Monday's MLK Day celebration combined the inspiring elements of Dr. Martin Luther King, Jr.’s life with that of another human rights movement icon, Dr. Wangari Mathai of Kenya. Dr. Maathai, the 2004 Nobel Peace Prize recipient, also helped lead a revolution for climate justice with other women in her nation to protect the land and forests after colonization and African patriarchal rule from the late 1970s until her death in 2011. We certainly know more about the powerful parts of Dr. King’s life, work, and legacy than we do of those who marched in his footsteps like Dr. Maathai, but the lesson that students came away with during our assembly and discussions afterwards was all about standing for what they feel is good, right, and just.
Both Drs. King and Wangari risked their reputations and their very lives to provide powerful illustrations of what people can do together while giving vision and inspirational organizing for what they believed to be right. In addition, we wanted to demystify leaders from the myths that happen in sound bites and bits that don’t tell the fuller picture. For instance, what students were told in assembly is that we think we know a great deal about Dr. King, but in reality, his image has been sanitized into a few inspiring quotes, images, and his “I have a dream” greatest hits rather than examining the totality of his radical message grounded in love, Christianity, and Western thought.
We often look at Dr. King through the black and white photos of a bygone era in a way that detracts our own attention away from what we might do to understand these larger issues and lead us to action. Or, at least lead us out of complacency and lethargy. Students were urged to consider and ponder the possibilities about how we - in the fullness of today - might spend the rest of our time here at Proctor adding value in the service of something greater than ourselves, and the planet. Today’s idea came from Dr. King himself who asked: “Life’s most persistent and urgent question: ‘What are you doing for others?’”
For our students, at least the ones I spoke to in a smaller group after our main assembly, many did not know what to do or where to begin. It’s a huge task to think about when there are seemingly endless needs in the world and here at home. After a good deal of talking about what has sidelined us all these past two years, the global COVID-19 pandemic, students opened up about feeling inspired by last year’s march to demand accountability for some student misbehavior in which students voiced real concern about injustices they saw in their midst. More than anything, students are inspired by each other and the big questions that come from perceived and real wrongs against communities and people they love.

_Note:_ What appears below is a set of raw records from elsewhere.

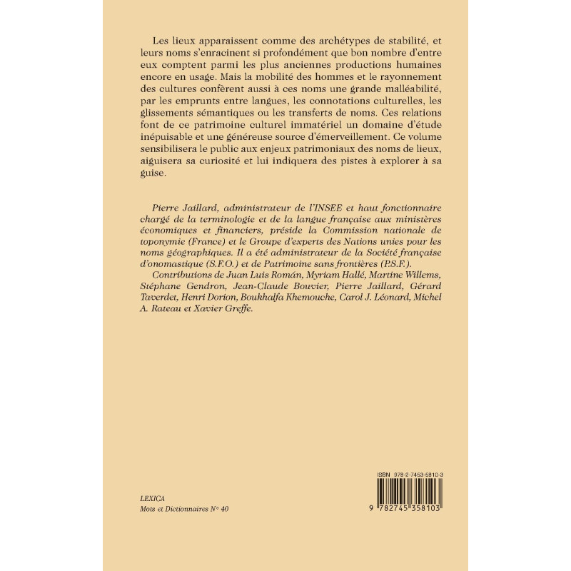 Les lieux apparaissent comme des archétypes de stabilité, et leurs noms s’enracinent si profondément que bon nombre d’entre eux comptent parmi les plus anciennes productions humaines encore en usage. Mais la mobilité des hommes et le rayonnement des cultures confèrent aussi à ces noms une grande malléabilité, par les emprunts entre langues, les connotations culturelles, les glissements sémantiques ou les transferts de noms. Ces relations font de ce patrimoine culturel immatériel un domaine d’étude inépuisable et une généreuse source d’émerveillement. Ce volume sensibilisera le public aux enjeux patrimoniaux des noms de lieux, aiguisera sa curiosité et lui indiquera des pistes à explorer à sa guise.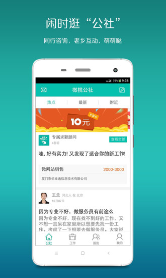 1、增加【公社】板块,同行咨询,老乡互动,萌萌哒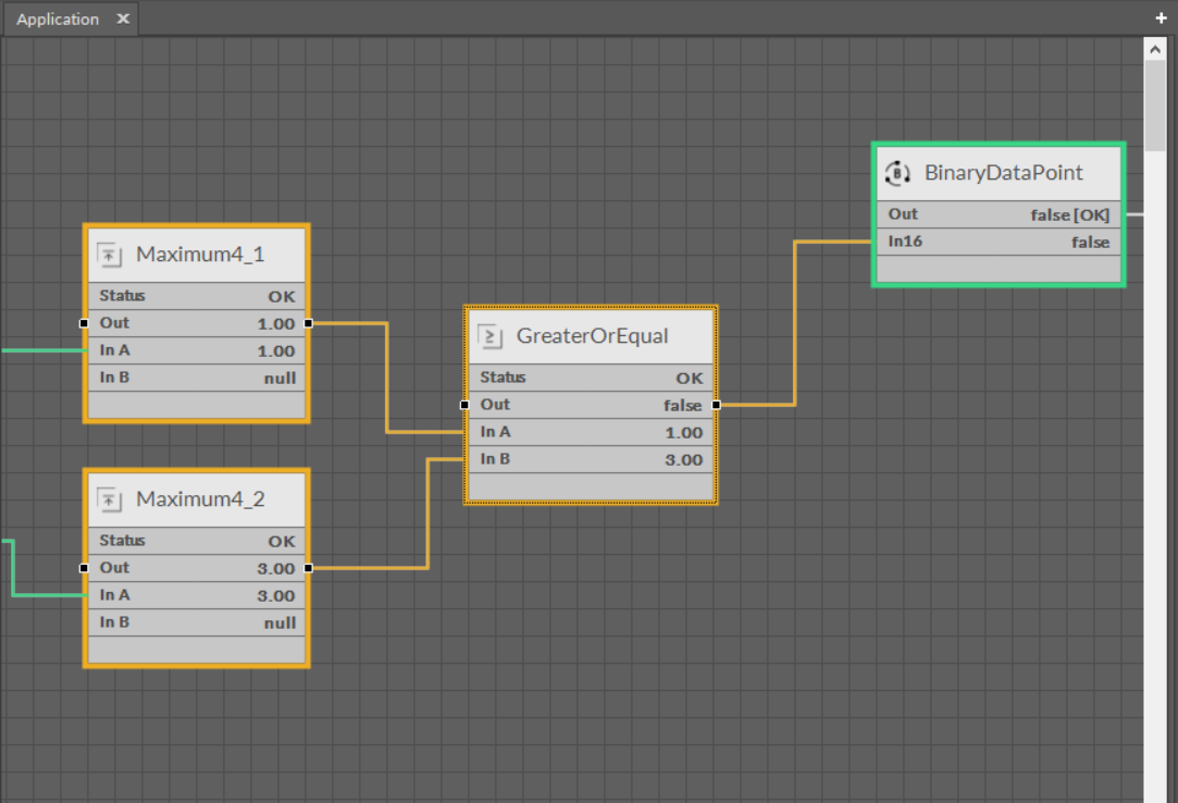 In case of a crossing selection the rectangle is dragged the opposite way, from the right to the left, and it is red. All the objects, even partially included in the rectangle, are selected (orange color); here, these are the Maximum, GreaterOrEqual, and Binary Data Point component along with their links.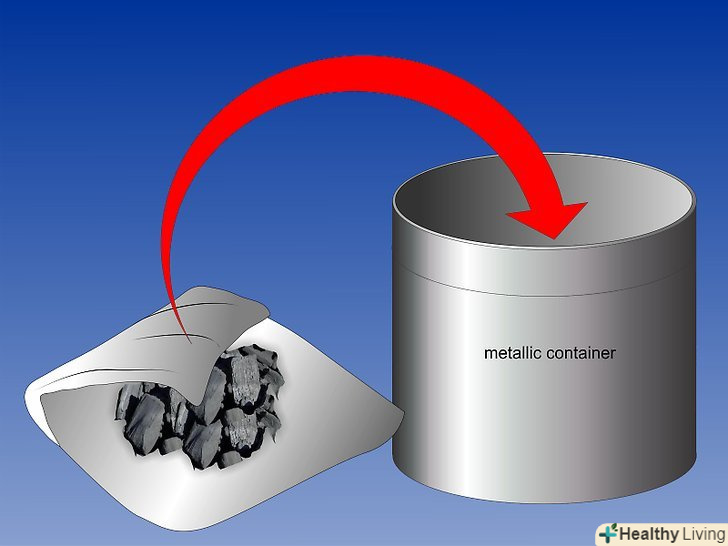 Утилізуйте вугілля. Дайте вугіллю дві доби на те, щоб повністю охолонути, а потім, загорніть його в товсту алюмінієву фольгу і покладіть у вогнетривкий контейнер. Їм може бути металеве відро або жерстяна банка.- Переконайтеся, що вогнетривкий контейнер знаходиться далеко від займистих матеріалів на зразок бензину, ацетону, тирси або паперу.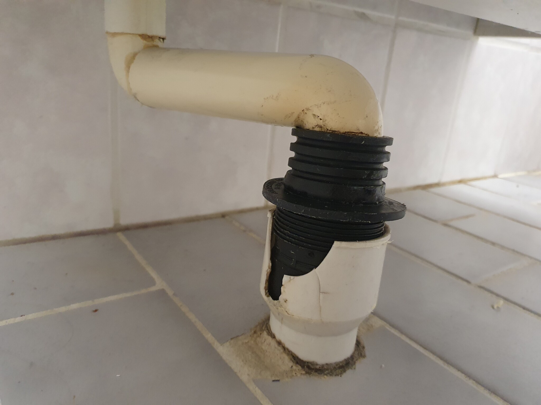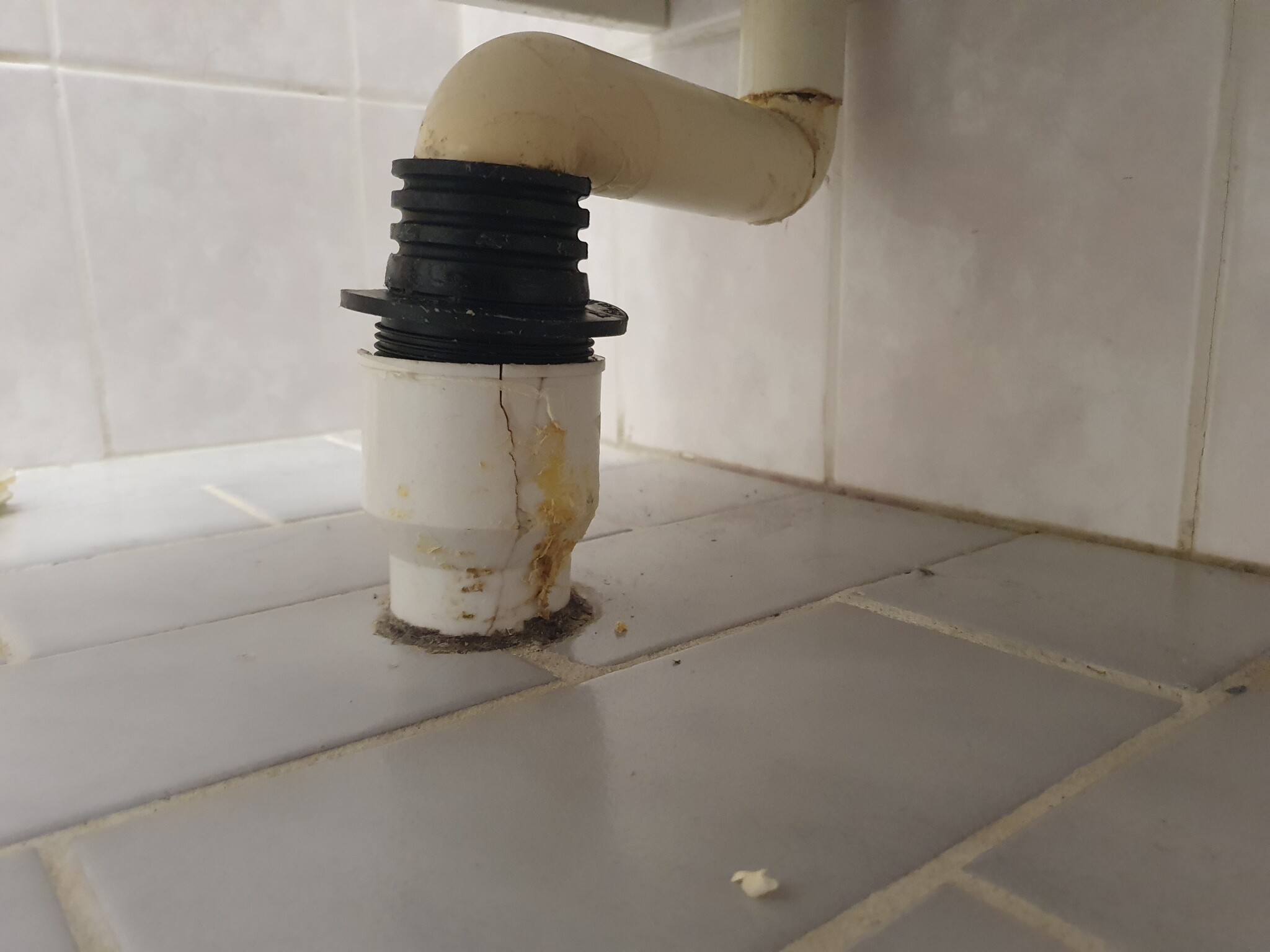 Avloppsröret i plast till handfatet som går ned i golvet i vårt badrum är sprucket. Detta är under kommoden, som om nån råkat sparka sönder det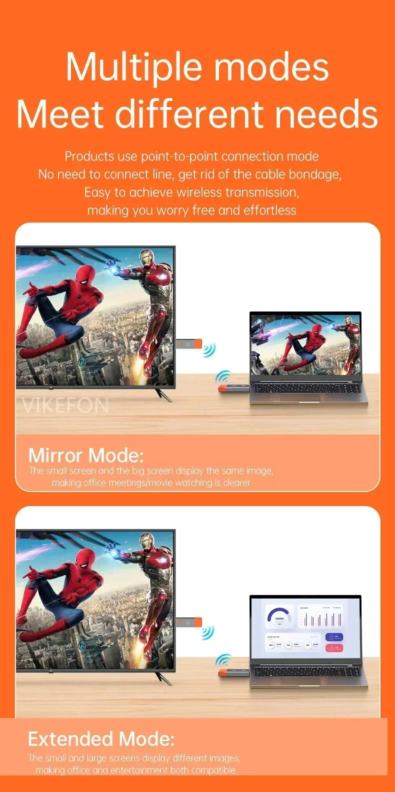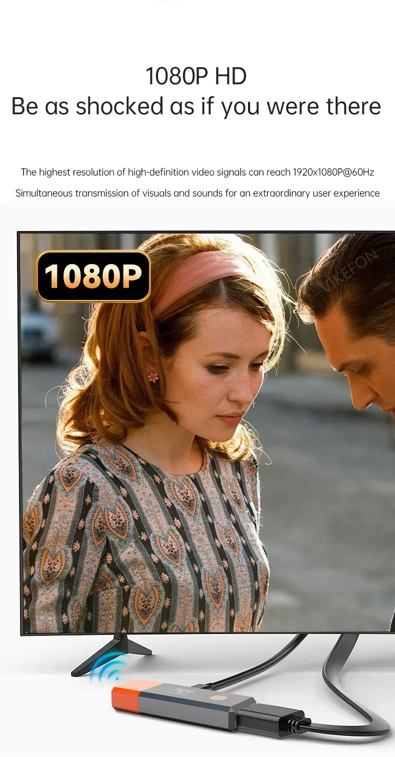 【Highly Compatible】HDMI-Compatible interface is highly compatible and can be convertible to other interfaces. VIKEFON The device with HDMI-Compatible interface can be used directly, and the device without HDMI-Compatible interface can be used with HDMI-Compatible converter. Wirelessly stream true 1080p high definition 3D video & digital audio to your TV or projector. Watch movies & TV shows from your laptop, PC, MacBook, iPad Pro, A/V receiver, gaming console, PS4/5, Xbox, Nintendo Switch, cable/satellite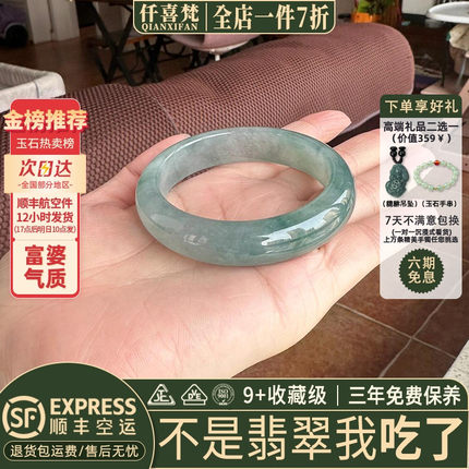 仟喜梵“细雨轻烟”缅甸冰种翡翠玉手镯子女款油青冰飘花真玉处理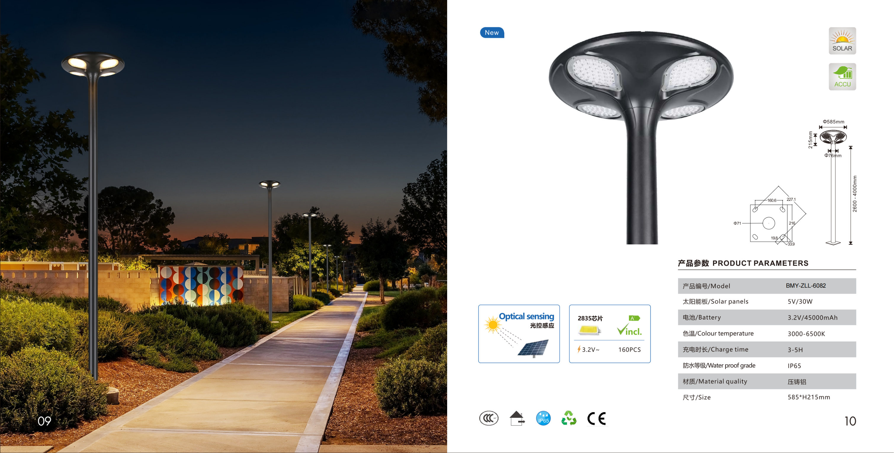 Двуглавый парковый фонарь с округлым плафоном. Солнечная панель встроена, оптический датчик. 160 светодиодов 2835.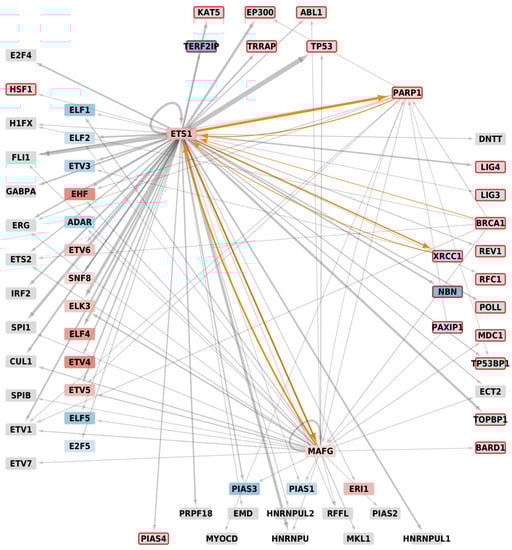 Metatargetome of Ets-1, PARP-1, BRCA1, PAXIP1, XRCC1 and MAFG filtered on the proteins of the network of Figure 4b. Differential expression data between MDA-MB-231 and MCF-7 cells were mapped onto the network; only signals with adjusted p-value ≤ 0.01 were kept; nodes are colored as a gradient of the log2 fold-change from blue (log2(Fold Change) ≤ −2) to white (log2(FC) = 0) and red (log2(FC) ≥ 2); grey nodes do not show significantly different signals; the width of arrows relates to the number of occurrences in databases found by iRegulon, the larger, the higher number; on the left stand the ETS homologs, at the bottom the SAP homologs, on the right the BRCT homologs and top shows the other proteins of the Figure 4b; proteins that are associated to DNA-repair have a red border; orange arrows are those that involve a regulation by Ets-1, eventually reciprocal.

What we all understand and value is that students at Proctor have a strong sense of integrity and purpose. We are fortunate to be in a place where we learn and share together, even in the middle of a raging snow storm that had some of us Webexing in remotely. What most of us realized as we watched our students wrestle with these big ginormous topics is that we can scaffold these issues so that students do more of the work and more of the thinking about what they want their lives to be. We all appreciate the work of Will Wamaru and other students and faculty leaders who made this day a reality. We feel like we are on the launching pad of more great talks to come.